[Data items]
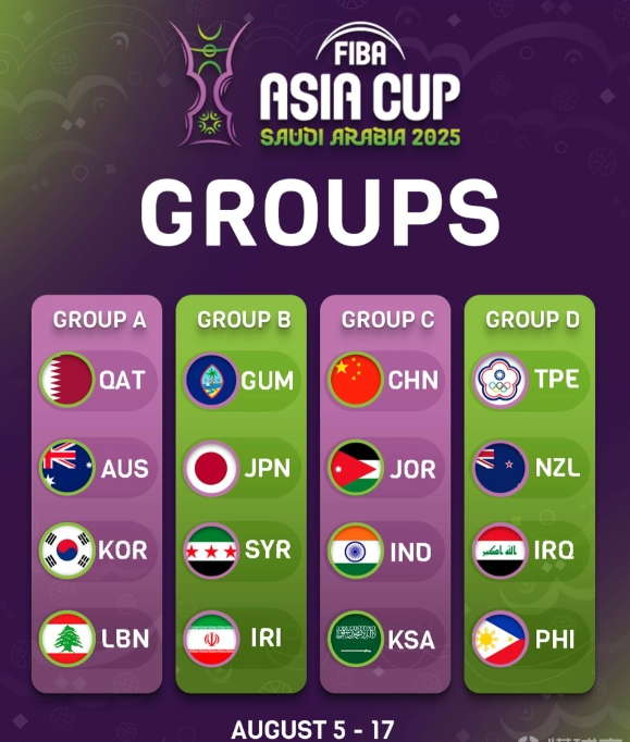 2025男篮亚洲杯将于8月5日至17日在沙特吉达举行。
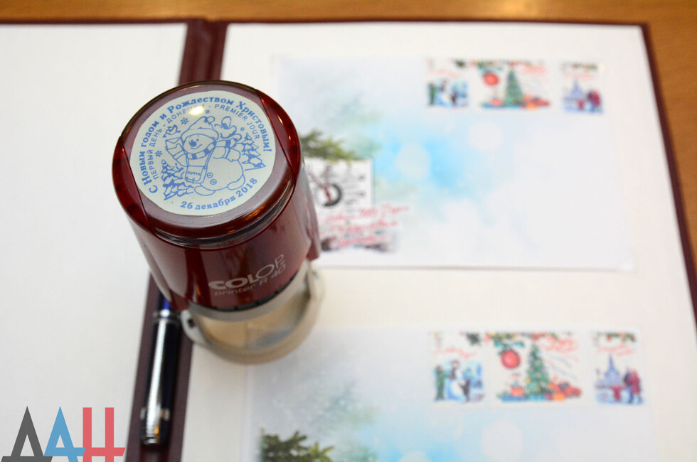Донецк, 26 дек – корр. ДАН. Государственное предприятие «Почта Донбасса» ввела сегодня в обращение художественные марки и конверт к Новому году и Рождеству Христову. Церемония специального гашения прошла в здании донецкого Главпочтамта.
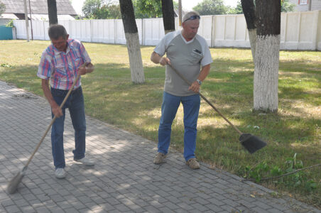 С раннего утра приступили к благоустройству у памятника погибшим воинам и партизанам, а также чистить плитку возле районной Доски почёта. А после обеда стали прихорашивать парк имени Николая Гомолко. Где нужно, заменили уличное освещение, скосили траву и подметали тротуары.
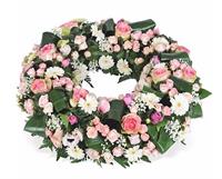 Couronne pastel de fleurs de saison avec feuillage - Diamètre env. 50 cm -
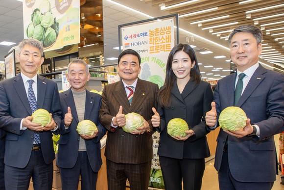 호반프라퍼티와 호반그룹 계열 도매시장법인 대아청과는 농어촌상생협력기금을 활용해 제주 한림농협이 재배한 달코미 양배추 1만통을 농가로부터 구매해 전국 14개 세계로마트 매장에 공급, 할인 판매 행사를 열었다.
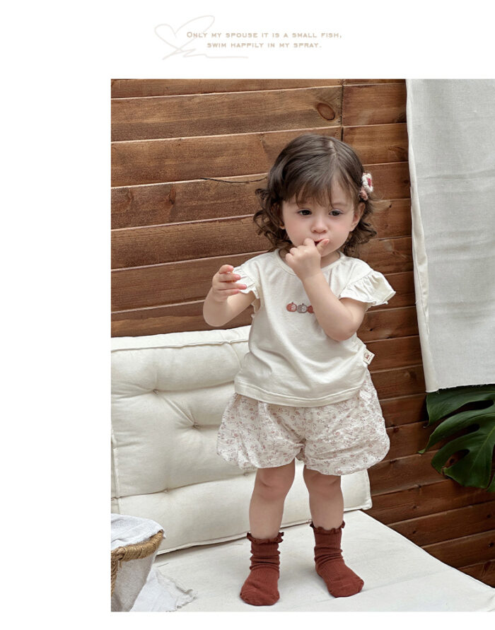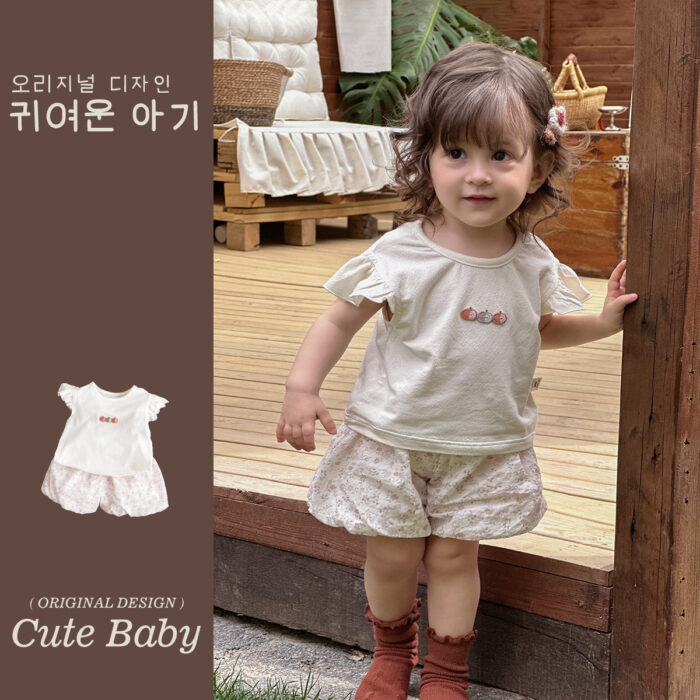 韓版夏季73~100cm – 碎花蘋果套裝(上衣+下褲)

**AIM OF THE TASK**
Only one thing is required: an exact printout of the lines from the line containing "С раннего утра" through the last line of the records, pictures excluded.

**SOLUTION FOR THIS PROBLEM**
 С раннего утра приступили к благоустройству у памятника погибшим воинам и партизанам, а также чистить плитку возле районной Доски почёта. А после обеда стали прихорашивать парк имени Николая Гомолко. Где нужно, заменили уличное освещение, скосили траву и подметали тротуары.
 Couronne pastel de fleurs de saison avec feuillage - Diamètre env. 50 cm -
 호반프라퍼티와 호반그룹 계열 도매시장법인 대아청과는 농어촌상생협력기금을 활용해 제주 한림농협이 재배한 달코미 양배추 1만통을 농가로부터 구매해 전국 14개 세계로마트 매장에 공급, 할인 판매 행사를 열었다.
 韓版夏季73~100cm – 碎花蘋果套裝(上衣+下褲)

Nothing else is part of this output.